Friday, whether the work is done or not, we are boarding Continential Airlines and heading to the Windy City! Flurries of emails have been flying back and forth amonst the ANers whilst we decide what to wear, where to meet, what to see, etc. And I am trying to see if Willie and I can squeeze in a dinner at Frontera Grill - one of the all-time world class restaurants. Rick Bayless is one of the great American chefs and his food is sheer joy.

Well, back to work...

Sunday, August 2, 2009

My Attempts to Poison Tallyho Lane

Some things have nothing to do with brain tumors and yet are funny (and potentially life threatening...)

Yesterday I decided to take my bread-making prowess to a new level by making Pumpernickel bread. As an aside, did you know that there is no such seed, nut or flour called pumpernickel? What makes it pumpernickel is unsweetened bakers chocolate (powder). Hm.

Okay, so back to the story... I use the bread machine to make the dough, then remove it and let it rise twice, first as a glob and the second time shaped into a nice loaf or baguette. Loaf in this case. Things were progressing nicely, and the loaf was at the perfect level of "rise" to pop into the oven. Donning oven mitts, I slid the loaf in to the hot oven then headed upstairs to do something. About 5 minutes later, I started to smell something really awful. And, by awful, I mean horrendous.

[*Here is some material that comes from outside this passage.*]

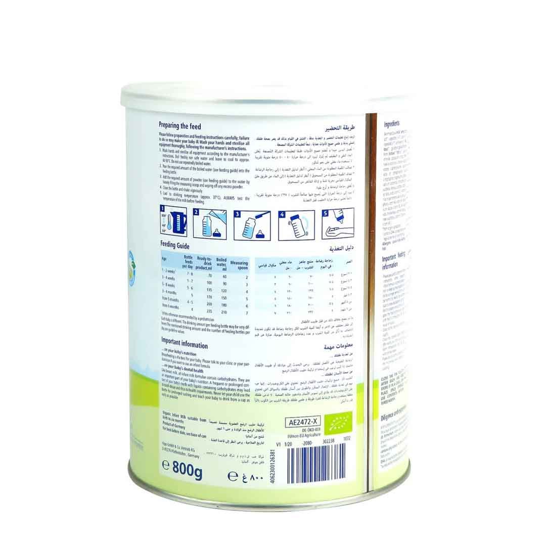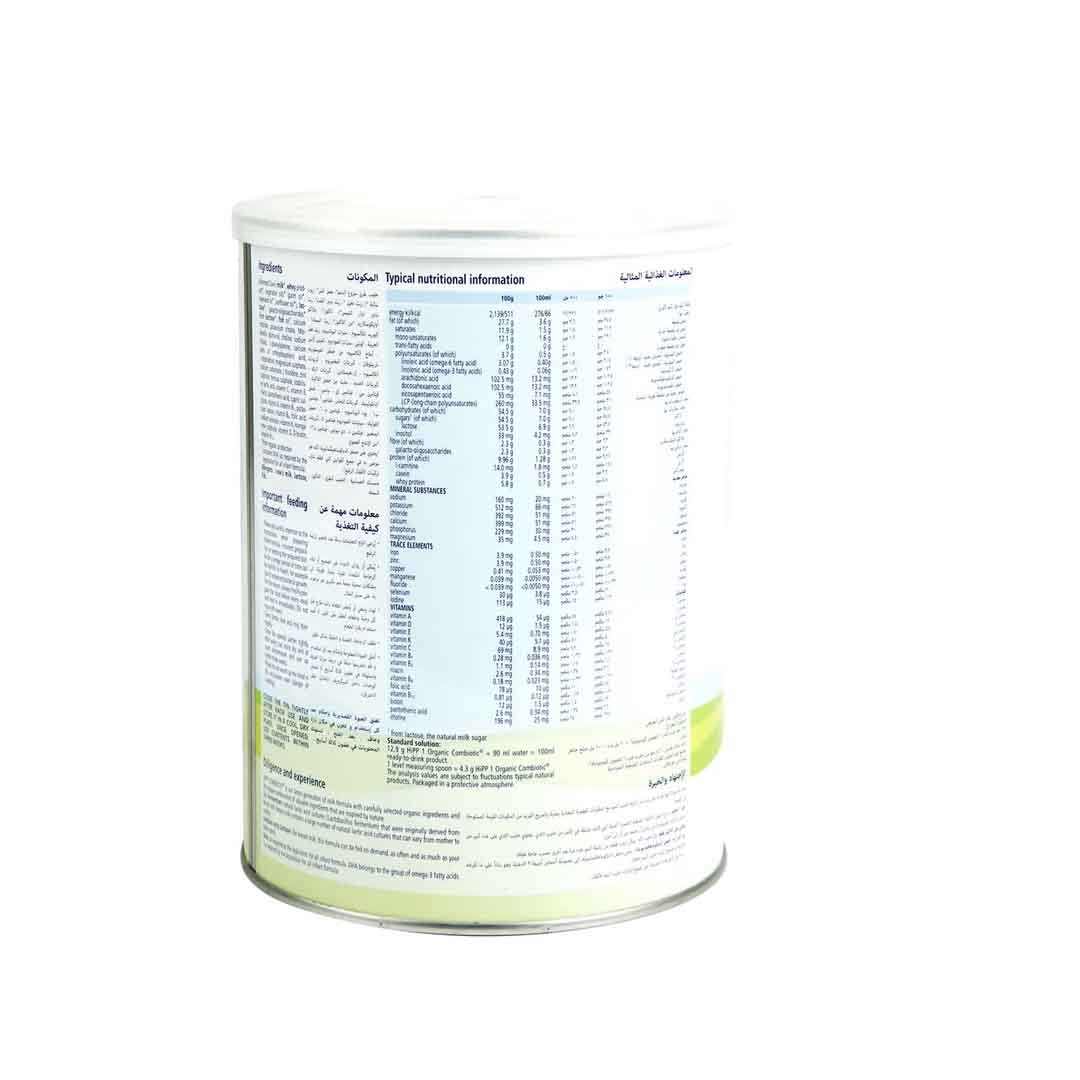 Organic skimmed milk (protein source: cow’s milk), organic demineralized whey powder (protein source: cow’s milk), organic vegetable oils (palm kernel oil, canola seed oil (not genetically modified), sunflower seed oil), prebiotic fiber (galactooligo-saccharides from lactose) (derived from cow’s milk), organic lactose (derived from cow’s milk), LCP* oils (fish, vegetable oils (mushroom oil)), calcium carbonate, emulsifier lecithin (soya), potassium chloride, L-tyrosine, L-phenylalanine, vitamin mix [vitamin C, vitamin E, vitamin A, nicotinic acid, pantothenic acid, thiamine (vitamin B1), vitamin B6, folic acid, riboflavin (vitamin B2), vitamin K, biotin, vitamin D, vitamin B12 (wheat)], magnesium carbonate, zinc sulfate, L-tryptophan, iron sulfate, stabilizer (L-lactic acid), copperlysine complex, potassium iodate, magnesium sulfate, sodium selenate.

I ran downstairs and whipped open the oven door. Of course, I had just put gel drops in my right eye, so I really couldn't see a damned thing. But, there DID appear to be a glob of something right on the lower edge of the oven bottom. It was bluish in color. At first I thought it might be one of those soap-impregnated blue steel wool pads (except that I don't have any of those and even if I did, how the hell would it have gotten into the oven. ) By now the smell was so toxic that I snatched the bread out of the oven, half baked.

On closer examination, I saw that the bluish blob had a dark center. Aha! It was the remnants of a blue kitchen magnet that I hung the oven mitt on! Apparently, when I donned the mitt, I didn't realize that the magnet thingy was dangling from it and apparently it dropped into the oven (which of course I didn't hear, being deaf on the oven-side of my head!)

I won't go into the details of how I chipped the gunky mess off the oven. However, I will tell you that the taste of melting plastic had totally permeated the bread so I had to throw it out and start all over again. Ugh.

As we speak, I am letting the oven run through its self-cleaning cycle. It smells awful. I am sure I am killing brain cells. If you are in NJ and you are reading this, you should probably leave the state!